Rogation processions continued in the post-Reformation Church of England much as they had before, and Anglican priests were encouraged to bring their congregations together for inter-parish processions. At specific intervals, clerics were to remind their congregations to be thankful for their harvests. Psalms 103 and 104 were sung, and people were reminded of the curses the Bible ascribed to those who violated agricultural boundaries. The processions were not mandatory, but were at the discretion of the local minister, and were also ascribed more importance when a public right of way needed to be protected from agricultural or other expansion.

The marches would follow prescribed routes, with York and Coventry being unique in their following royal entries. On other routes, altars were erected at certain locations where antiphons were sung.

Any Roman Catholic imagery or icons were banned from the processions. The then Archdeacon of Essex, Edmund Grindal, besought the church explicitly to label the tradition as a perambulation of the parish boundaries (beating the bounds), further to distance it from the Catholic liturgy.
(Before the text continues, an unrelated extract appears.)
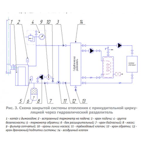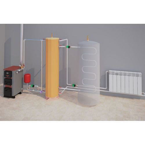Современная система отопления, собранная по лучевой схеме, с коллекторными узлами управления и распределения чаще всего собирается из полимерных труб, а они очень чувствительны к перегреву теплоносителя и не выдерживают гидроударов (при закипании теплоносителя в котле). Поэтому для согласования малообъемной системы отопления и твердотопливного котла необходим узел, балансирующий систему. Лучше всего эту задачу решает емкостной гидравлический разделитель - специальная емкость определенного объема, через которую циркулирует теплоноситель из котла и теплоноситель из системы отопления. Гидравлический разделитель подбирают из расчета минимум 10 литров ёмкости на 1 кВт мощности котла. Емкостной гидравлический разделитель дает возможность согласовывать многоконтурную систему отопления, включающую радиаторы, теплые полы и бойлер для производства горячей воды. На выходе из котла обязательно устанавливается группа безопасности: автоматический воздушный клапан, термометр и манометр. Гидравлический разделитель также дублируется группой безопасности. Подпитка системы отопления делается на «обратке» или на нижней части гидравлического разделителя. |

In the book Second Tome of Homelys, a volume containing officially sanctioned homilies of the Elizabethan church, it was made clear that the English Rogation was to remember town and other communal boundaries in a social and historical context, with extra emphasis on the stability gained from lawful boundary lines.

For years after Rogation Days were recognized, the manner in which they were observed in reality was very different from the official decree. Even before religious sensibilities turned towards the puritanical, there were concerns about the lack of piety at such events. While it was officially ordered that the entire congregation attend, bishops began urging their priests to invite only older and more pious men. This, they believed, would stop the drunken revelry. Royal Injunctions concerning the practice were reinterpreted to restrict and regulate participants of the festivities. Robert Herrick penned a piece to capture the mood of the celebrations before their repression:

Dearest, bury me
Under that Holy-oak, or Gospel Tree
Where (though thou see'st not) thou may'st think upon
Me, when you yearly go'st Procession.

In London, Rogation Days, just like Easter or Hocktide, were times when begging was "legitimate" for the period of celebration. Though not widely celebrated in the modern Church of England, the holiday is still observed in some areas.

==In the Americas==
===Catholic===
The reform of the Liturgical Calendar for Roman Catholics in 1969 delegated the establishment of Rogation Days, along with Ember Days, to the episcopal conferences. Their observance in the Latin Church subsequently declined, but the observance has revived somewhat since Pope John Paul II allowed Rogation days as a permitted, but not mandated, observance. For those Catholics who continue to celebrate Mass according to the General Roman Calendar of 1960 or earlier, the Rogation Days are still kept, unless a higher ranking feast would occur on the day.

===Lutheran===
The Rogation Days (known as Rogationtide) are the three days prior to Ascension Thursday. In Lutheranism, there are liturgies for "the Procession, propers, and Litany for the Days of Rogation". Fasting, as well as abstinence from meat, is enjoined during the Rogation days.

===Anglican===
The new, Protestant version of the Rogation days became such a fixture in Church life that the tradition was carried over to the English churches across the British Empire, including to the Americas by British colonists in Bermuda, Jamaica, Barbados, Virginia and South Carolina. Rogation days continue as an optional observance in the Episcopal Church, and in Anglican Provinces around the world. Although early Rogation celebrations were associated with rural life, agriculture and fishing, the Book of Common Prayer in many jurisdictions has been expanded to include propers for commerce and industry and the stewardship of creation, as well as a fruitful season, and rubrics were added for their use.